WhatsApp sedang menguji Scam Alert, fitur AI yang dapat memperingatkan pengguna ketika sebuah pesan diduga mengandung unsur penipuan. Poin utamanya, pemeriksaan dilakukan langsung di perangkat sehingga isi percakapan tidak dikirim ke WhatsApp atau Meta.
Perlindungan ini dirancang sebagai pilihan tambahan bagi pengguna, bukan sistem yang mengambil alih percakapan. Saat peringatan muncul, penerima pesan tetap memegang keputusan untuk melanjutkan chat, memblokir nomor, atau membuat laporan.
Pesan Tetap Diproses Secara Lokal
Scam Alert memakai model pembelajaran mesin yang bekerja secara lokal di perangkat pengguna. Model tersebut mencari pola mencurigakan dalam pesan tanpa memindahkan konten chat ke sistem klasifikasi terpusat.
WhatsApp menegaskan mekanisme ini tidak mengubah prinsip enkripsi end-to-end yang digunakan pada layanannya. Dalam pernyataan resmi yang dikutip inet.detik.com, WhatsApp menyatakan, “Tidak ada konten pesan yang meninggalkan perangkat untuk klasifikasi atau dilaporkan secara otomatis ke WhatsApp, Meta, atau siapa pun.”
Peringatan hanya tampil pada ruang chat yang berkaitan dan hanya dapat dilihat oleh penerima pesan.

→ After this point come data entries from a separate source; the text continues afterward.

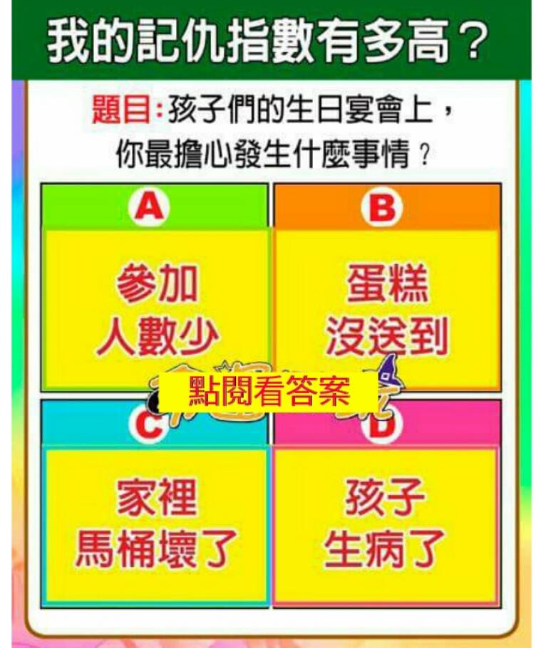題目:孩子們的生日宴會上,你最擔心發生甚麼事情?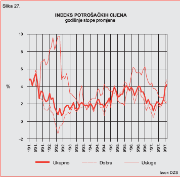 Druga zamjerka je možda malo subtilnija od prve i nadograđuje ju. Povjerenstvo je osnovano kako bi se ustvrdilo koje cijene su išle gore najviše i pridonjele povećanju inflacije najviše. Vlada, partneri ili javnost su mislili da će to biti komunalne usluge i to im je bio prvi izbor. Prstom su upirali u gradove i njihovo povećanje komunalnih usluga, a Sanader je branio Agrokoru čast. Sad je odjednom obrnuto. “Fascinantno.” Treba pogledati dugoročni graf indeksa potrošačkih cijena (IPC) opet iz HNBovog Biltena i vidjeti da je utjecaj promjene cijena usluga u IPC puno manji od utjecaja promjene cijena dobara. IPC ponajviše ovisi o promjeni cijene dobara, kao što vidimo za 2001. i 2002. godinu kad su cijene usluga rasle između 6 i 8% neko vrijeme, a ukupni IPC je padao zbog pada cijena dobara. Ili pak u prošloj godini kad je stopa rasta cijena usluga sa 2.8% u Srpnju pala na 2.3% u Listopadu, a u isto vrijeme je ukupni IPC porastao jer je stopa rasta cijena dobara sa 1.9% u Srpnju došla na 4.8% u Listopadu. Vlada je zbog meni nepoznatog razloga očekivala da će upravo cijene usluga biti najveći doprinos inflaciji. (Neinformiranost?)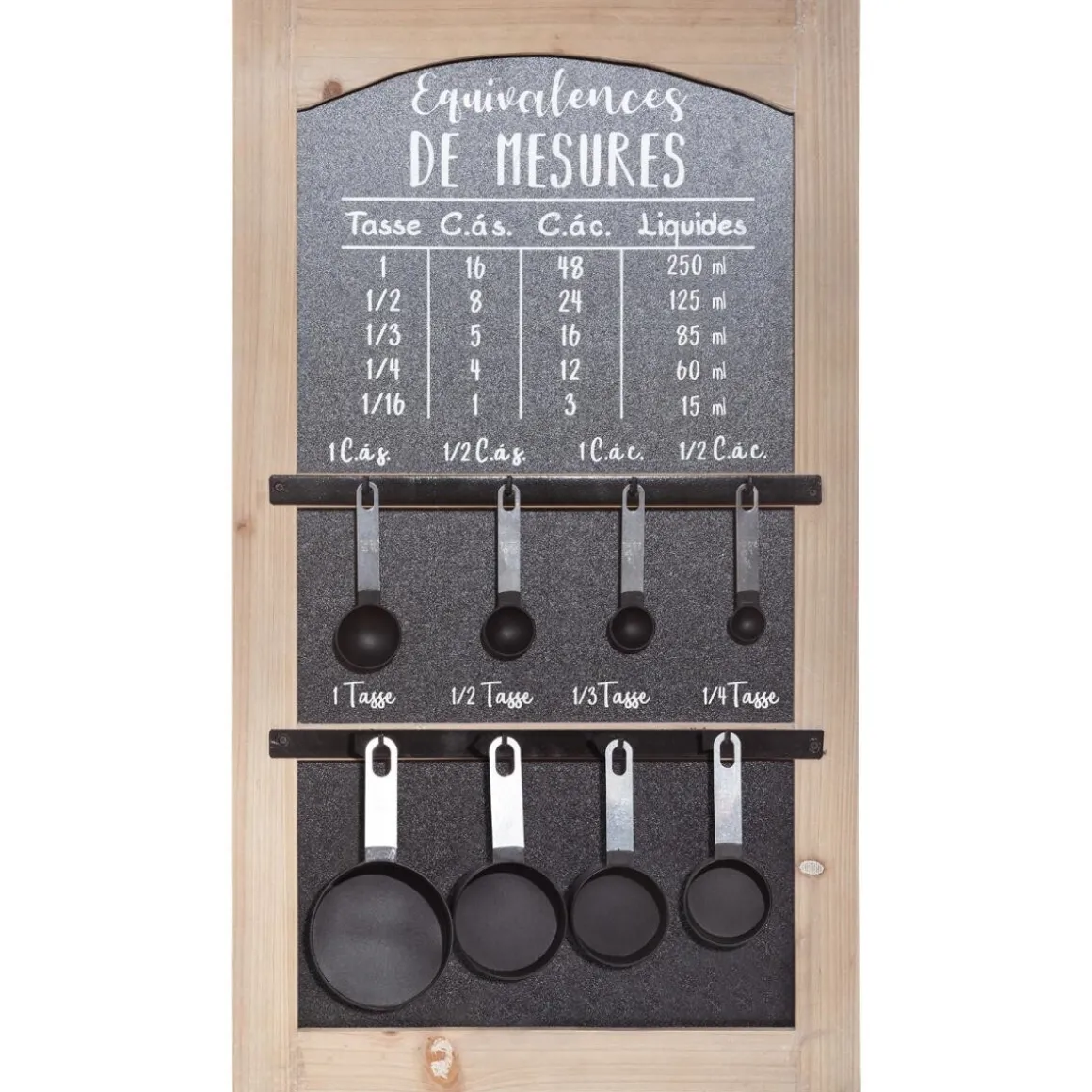 Ce tableau associe un cadre façon bois et un fond en acier imprimé d’un tableau d’équivalences transformant les tasses en cuillères à soupe et à café. Les montants à crochets accueillent 8 cuillères-mesurettes que vous pourrez utiliser en cuisine.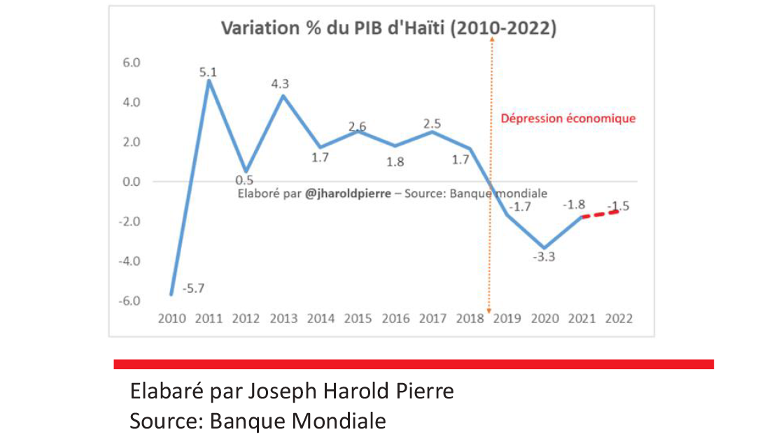 Le blocage du terminal de Varreux entre le 12 septembre et le 7 novembre de cette année rappelle les événements des 6 et 7 juillet 2018, car ils sont tous deux causés par l’annonce d’augmentation des prix des carburants. Ces deux épisodes, tout comme l’assassinat du Président Moïse, mettent en évidence l’effondrement de l’Etat, sa totale dysfonctionnalité, son inexistence même. Si la variation du PIB d’Haïti a été très volatile en 2010 et 2017 en épousant la forme d’un zigzag avec une tendance à la baisse, elle n’a jamais été négative. Cependant, il semble que les événements de juillet 2018 avaient annoncé la dépression qu’expérimente l’économie du pays, entendons par là une croissance négative de plus de trois ans. En effet, les pillages de 2018 ont été suivi de longues périodes de manifestations entre 2019 et 2022 auxquelles s’est ajoutée l’insécurité comme étant deux facteurs ayant totalement paralysé les activités économiques. Il en résulte une période de croissance négative continue entre 2019 et 2021. En toute évidence, l’année 2022 sera aussi une année perdue comme les trois antérieures, car le pays a été totalement bloqué, spécialement entre septembre et novembre. La prévision de la Banque mondiale pour l’économie d’Haïti est une croissance négative de 1.5%.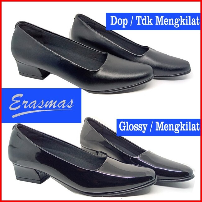 Sepatu Pdh Polwan Pdh Kowad 02a Erasmas Hak 3 Cm Hitam Persit Bhayangkari Formal Kerja Kantor Pns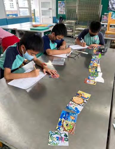 102 未來-警察徽章設計/國際鼓藝節 童年-打點滴 漫畫/「人真鮮」壽司店 陳 感謝老師教導,這四年來老師教我們認甯識了很多美術用具、教我們進行很多種類的創作,老師還帶我們去了很多美術館參觀。老師很細心指導我們,告訴我們作品有哪裡要改進,所以我從三到六年級進步很多,很感謝老師的指導,老師辛苦了。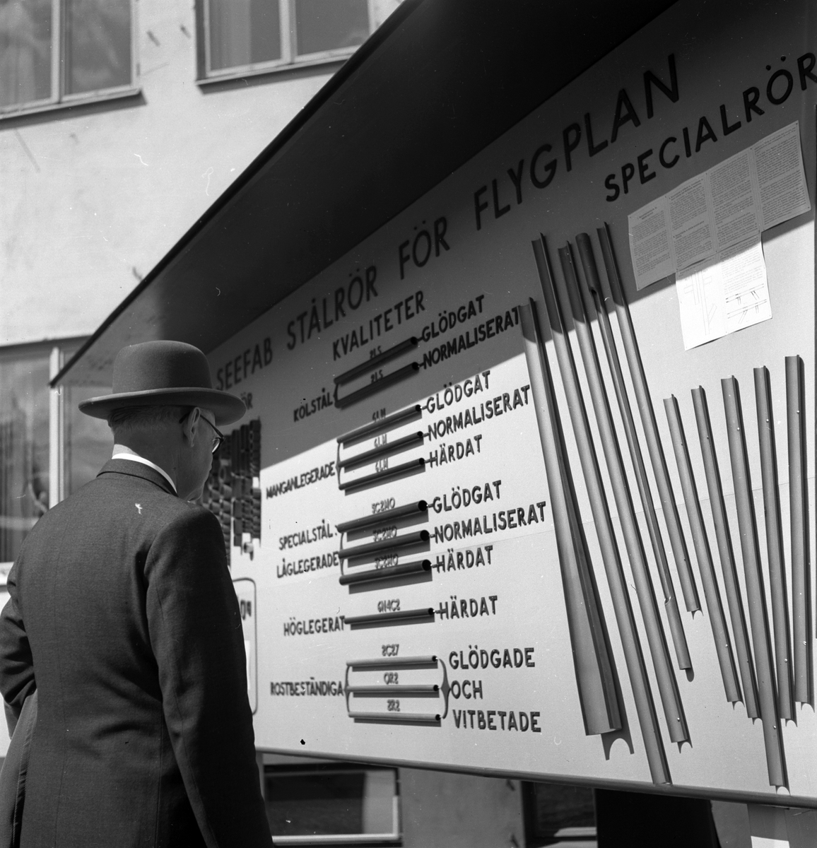 Titel: SEEFAB Sandviken 1895-1945 firar 50-års jubileum med middag. Juni 1945. SEE Fabriks Aktiebolag tillverkar olika slags stålrör. SEEFAB upptog bågtillverkning och fortsatte med stålrörspilar. Jämsides med dessa sportartiklar framställer fabriken hoppstavar, hoppribbor, spjut, flugspön, golfklubbor och hästpoloklubbor alla av välkänd kvalitet och väl lämpade för export. År 1945 har SEEFAB cirka 700 anställda.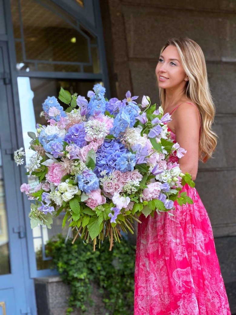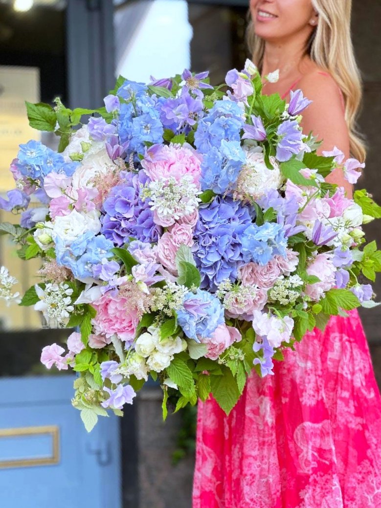 Букет цветов — гортензия, пионы, садовые розы и латирус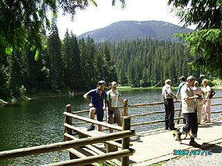 a Szinevéri-tavat. Ha már itt voltunk semmiképp sem akartuk kihagyni, ezért elindultunk a tó irányába – jól döntöttünk. Egyszer már láttam a tavat, októberben, most napsütésben még szebbnek tűnt. Útközben kétszer fizettettek velünk 2 hrivnyát fejenként (autósóknak azt hiszem ez 6 hrivnya), a tóhoz pedig egy nagyon meredek út vezetett fel. Sok magyarral is találkoztunk, ami jó érzés volt. Némi pihenő után folytattuk a túrát. Szerencsére az út végig lejtett egészen Alsókalocsa faluig, így ez nem volt megerőltető szakasz. Na de ami ezután következett…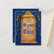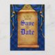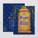 Carte Postale Faire-part Rideaux de mariage à volutes bleu royal et or
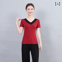 レディース エクササイズ パンツ ダンスウェア エクササイズウェア ヨガ ウェア ラウンドネック 半袖 Tシャツ バレエ トップス スクエアダンス エアロビクス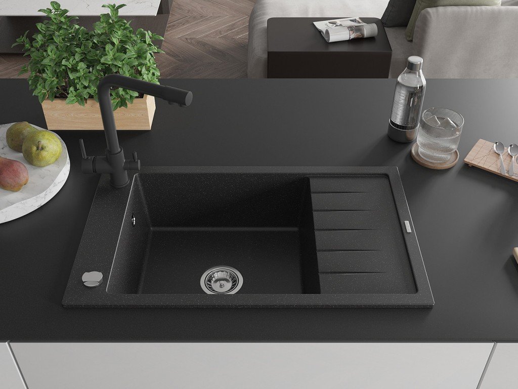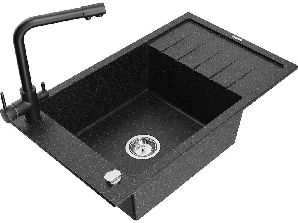 MEXEN/S - Elias granitový dřez 1-miska včetně baterie Duero, černá/stříbrná metalik 6511-73-671600-70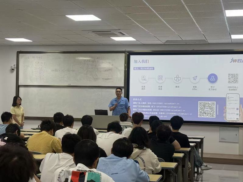 5月27日,机械工程学院在溧阳基地举行实习招聘宣讲会。金纬机械常州有限公司人力资源部部长张群,生产管理负责人、我校96届校友倪新明来校宣讲,机械工程学院辅导员牛晨子,部分22级学生参加活动。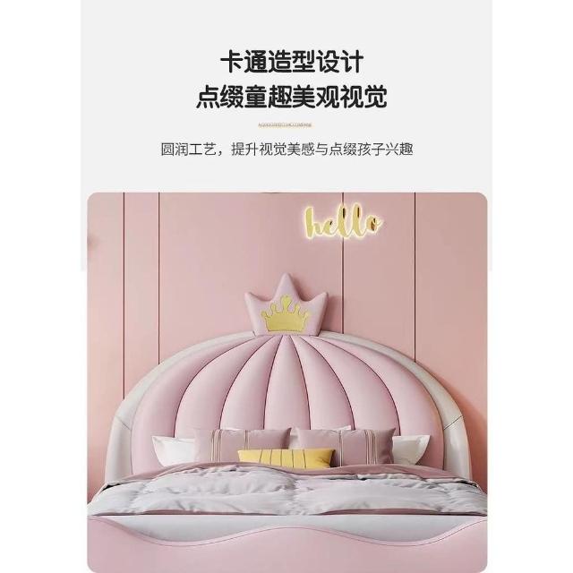 免運費/免關稅 北歐輕奢風 兒童公主床 女孩單床 皇冠粉色床架 臥室實木軟體床 兒童床 掀床 床架床組 儲物床架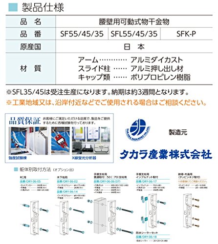 腰壁用可動式物干金物 タカラ産業(DRY・WAVE) ドライ・ウェーブSF45 ホワイト(W) (1セット2本いり) 上下スライド式 スリムで洗礼されたデザイン性と確かな品質。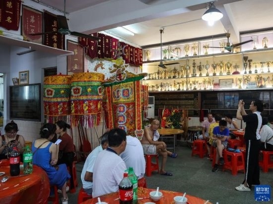 6月22日,佛山疊滘潭頭村文化站擺滿了龍船賽獎(jiǎng)杯和錦旗。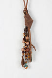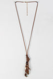This necklace features a vegan leather cord, with a tassel charm pendant containing a mixture of string, cord , chain and various beads. Finished with an adjustable lobster claw closure.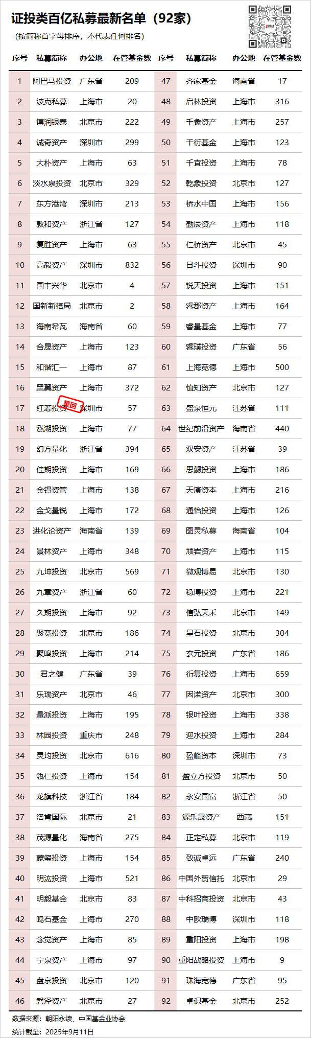 截至9月12日,国内证投类百亿私募共计92家,较上月中旬我们的统计时净增加1家:
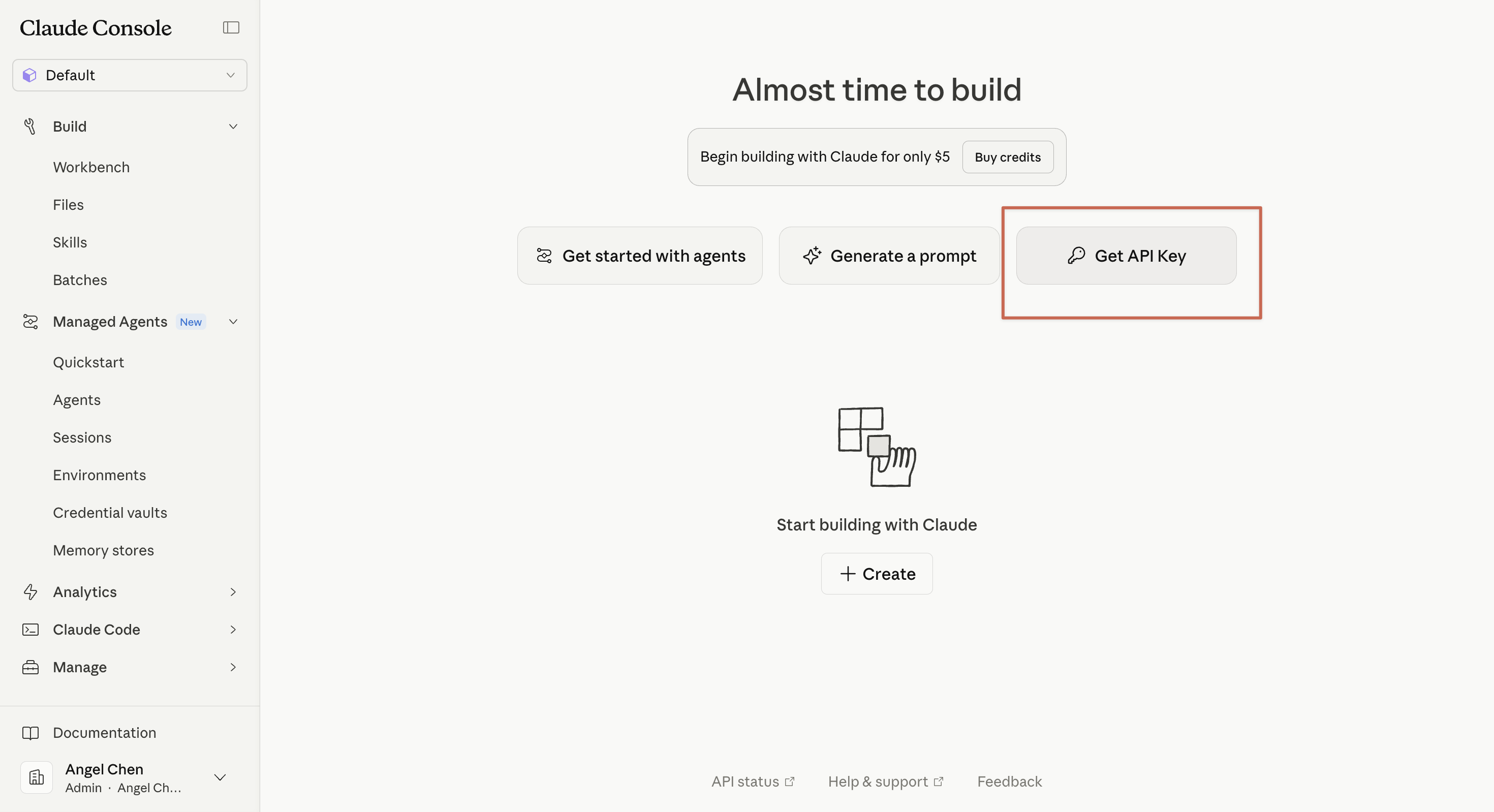 儲值完成後,回主畫面或左側選單 → Manage → API Keys。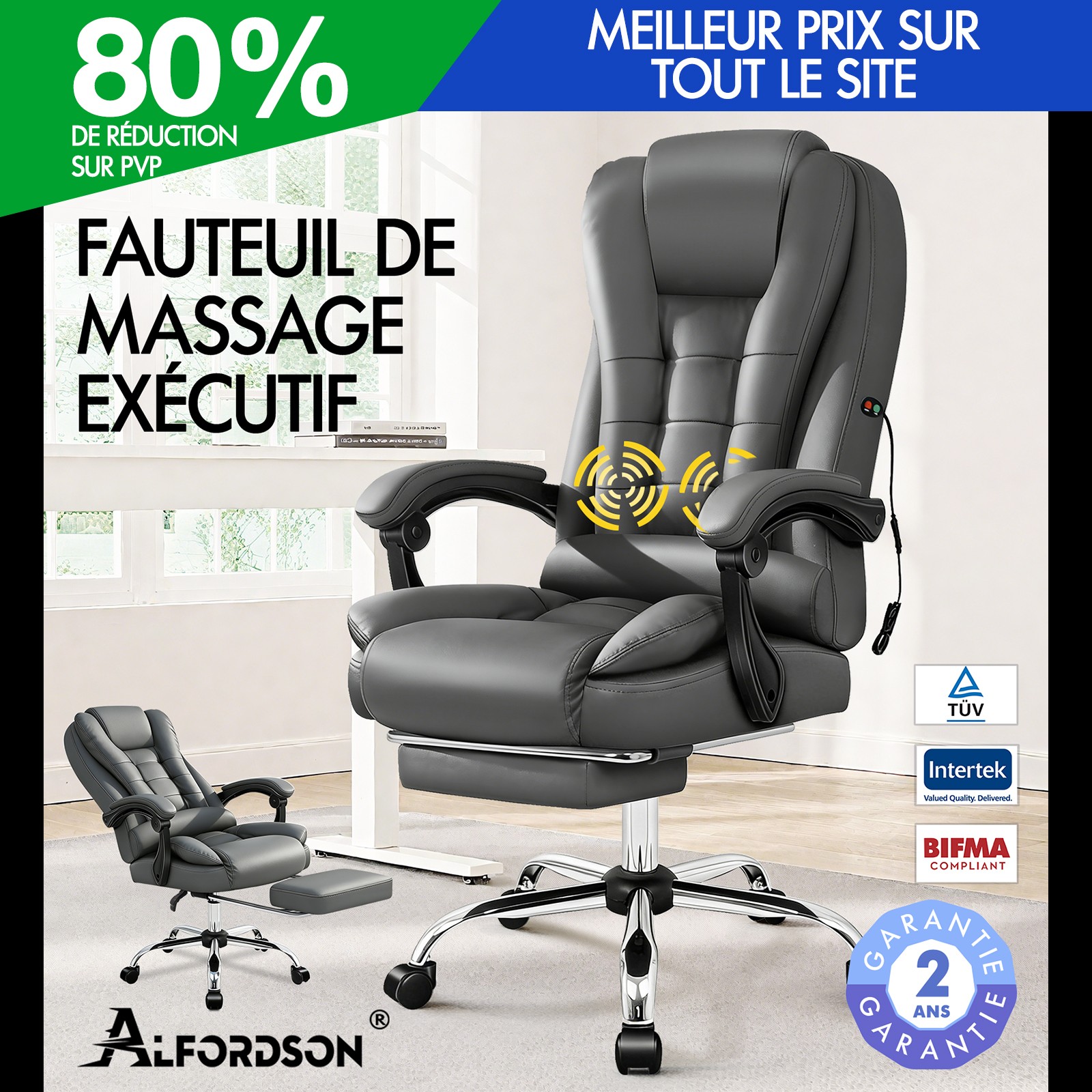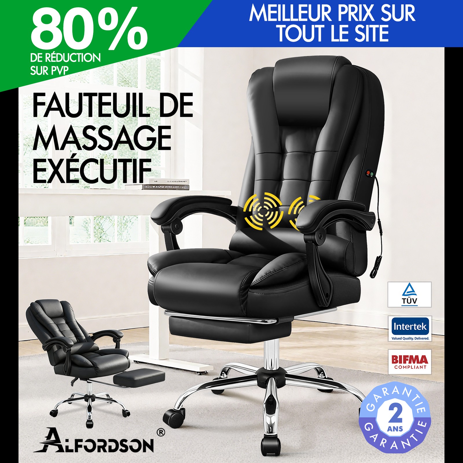 ALFORDSON Massage Chaise de Bureau Gaming Executive Siège Cuir Ordinateur Racer

Pengirim maupun pihak lain tidak memperoleh pemberitahuan bahwa percakapannya sedang ditandai oleh sistem.
| Situasi | Respons Scam Alert | Pilihan Pengguna |
|---|---|---|
| Pesan diduga penipuan | Peringatan muncul di dalam chat | Memblokir, melaporkan, atau melanjutkan percakapan |
| Peringatan dianggap keliru | Chat dapat ditandai sebagai terpercaya | Peringatan dihapus |
| Chat dipercaya pengguna | Lima pesan terakhir dapat dibagikan | Membantu meningkatkan ketepatan Scam Alert |
Keputusan Tetap Ada pada Pengguna
Fitur ini tidak secara otomatis memblokir nomor yang dianggap mencurigakan atau menghentikan percakapan. Pendekatan tersebut memberi ruang bagi pengguna untuk menilai konteks pesan, terutama bila pengirim merupakan kontak yang telah dikenal.
WhatsApp juga menyediakan opsi untuk menandai sebuah percakapan sebagai terpercaya bila peringatannya dinilai tidak tepat. Setelah ditandai, peringatan akan dihapus dan chat tersebut tidak lagi diberi tanda oleh Scam Alert.
Pengguna yang memilih status terpercaya dapat secara sukarela membagikan lima pesan terakhir yang diterimanya kepada WhatsApp. Opsi ini bersifat opt-in dan dimaksudkan untuk membantu model mengenali pola penipuan dengan lebih akurat.
Menambah Lapisan di Tengah Modus yang Berkembang
Penipuan di layanan percakapan terus berubah, dari peniruan identitas hingga pesan yang memanfaatkan konten buatan AI agar tampak meyakinkan. Scam Alert diposisikan sebagai lapisan peringatan tambahan agar pengguna dapat mengenali risiko sebelum mengambil tindakan.
Skala ancamannya menjadi perhatian karena WhatsApp memiliki lebih dari 3 miliar pengguna. Modus yang beredar dapat mencakup permintaan transfer uang sampai skema pig butchering yang membangun kepercayaan korban sebelum melakukan penipuan.
Federal Trade Commission melaporkan kerugian korban penipuan melalui WhatsApp mencapai USD 425 juta sepanjang 2025. Angka tersebut menunjukkan pentingnya langkah verifikasi, termasuk memeriksa identitas pengirim dan alasan di balik setiap permintaan.
Scam Alert masih berada dalam tahap beta terbatas di sejumlah negara sehingga belum tersedia bagi seluruh pengguna. Pengguna yang telah memperoleh akses dapat mengaktifkan atau mematikannya kapan saja melalui menu pengaturan.